In a report, “At what cost? The futility of the war on drugs in South Africa”, released this month, the alliance’s chief executive, Quintin van Kerken, said legalising dagga would help to make the government money, as it would be able to tax it.
“Regulating and controlling illegal drugs would collapse the illegal markets and get the drug smugglers and dealers out of this business,” he said.
“If we want to really get tough on the drug-dealing gangsters let’s take away their biggest source of revenue and try to collapse the illegal drug business for good.”
In 2011, Professor JP van Niekerk, managing editor of the South African Medical Journal, made a similar call for dagga to be decriminalised.
Portugal became the first European country to decriminalise all drugs. Drug users are provided with therapy instead of being imprisoned.
In the Czech Republic, a fine for the possession of certain drugs equals that of a parking ticket.
While legalising drugs such as crystal meth (tik) made “no sense”, regulating the dagga industry “would make fiscal sense”, said Van Kerken.
“Years of fighting drugs seemed to have been (almost) pointless and futile… The war on drugs is the real enemy, and people fighting addiction are its victim.”
Van Kerken said that if criminalising drugs was effective there would be no drugs on the streets, all the dealers would be in jail, and there would be no recreational users of drugs, and no addicts.

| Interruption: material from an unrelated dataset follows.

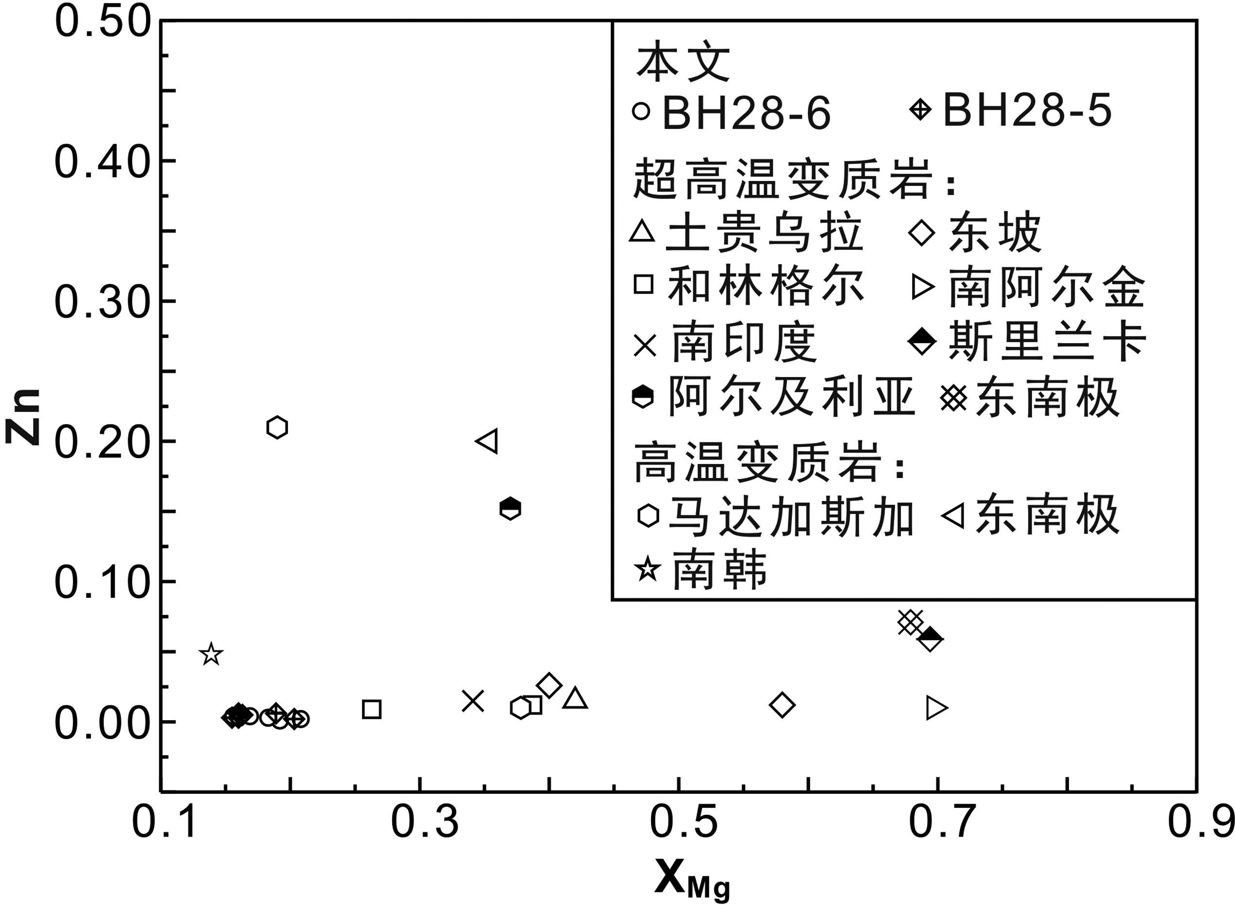 图 9 含榴尖晶黑云钾长片麻岩和其它地区高级变质岩中尖晶石的XMg-Zn图解 数据来源:超高温变质岩:内蒙土贵乌拉(Santosh et al., 2007);内蒙东坡(Tsunogae et al., 2011);内蒙和林格尔(Liu et al., 2012);南阿尔金(张建新和孟繁聪,2005);南印度Madurai地体(Sajeev et al., 2006);斯里兰卡Highland杂岩(Kriegsman and Schumacher, 1999);东南极Sør Rondane山脉(Asami et al., 2007);阿尔及利亚In Ouzzal地体(Ouzegane et al., 2003);中-高温变质岩:马达加斯加(Markl et al., 2000);东南极Jetty半岛(Hand et al., 1994);南韩Odesan地区(Oh et al., 2006) Fig. 9 Diagram of XMg versus Zn(a.p.f.u)for spinel in Danangou garnet-spinel-biotite-bearing paragneisses and high-garde rocks from worldwide terranes Data source: ultrahigh temperature metamorphic rocks: Tuguiwula,Inner Mongolia(Santosh et al., 2007); Dongpo,Inner Mongolia(Tsunogae et al., 2011); Heling’er,Inner Mongolia(Liu et al., 2012); South Altyn Tagh(Zhang and Meng, 2005); Madurai Block,southern India(Sajeev et al., 2006); Highland Complex,Sri Lanka(Kriegsman and Schumacher, 1999); Sør Rondane Mountains,East Antarctica(Asami et al., 2007); In Ouzzal terrane,Algeria(Ouzegane et al., 2003); Medium-high temperature metamorphic rocks: Madagascar(Markl et al., 2000); Jetty Peninsula,East Antarctica(Hand et al., 1994); Odesan area,South Korea(Oh et al., 2006) |

He had been an addict for 10 years and had spent an equal number of years in recovery working with the alliance to do research and help with rehabilitating drug users.
They “fully agree that drugs are dangerous and must be controlled”.

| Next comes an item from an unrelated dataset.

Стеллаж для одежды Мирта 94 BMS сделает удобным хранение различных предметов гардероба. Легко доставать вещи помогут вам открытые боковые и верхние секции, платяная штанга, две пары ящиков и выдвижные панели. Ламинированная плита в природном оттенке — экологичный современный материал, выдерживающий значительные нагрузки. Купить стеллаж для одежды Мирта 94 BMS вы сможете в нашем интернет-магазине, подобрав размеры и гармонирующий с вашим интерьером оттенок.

People arrested during raids were “rarely the drug dealers and even when drug dealers are arrested, the drug trade continues in a different area while prison populations increase, which is a burden on the taxpayer”.
Trying to eradicate dealers, who were “simply supplying a demand”, made no sense.
“No matter how many dealers we arrest or smuggling networks we ‘smash’, the void is always filled by the queue of willing replacements, hungry for the extraordinary profits prohibition offers them.
“Arresting dealers and confiscating drugs simply funnels business elsewhere. It does not stop the supply of drugs; it simply slows the flow down.”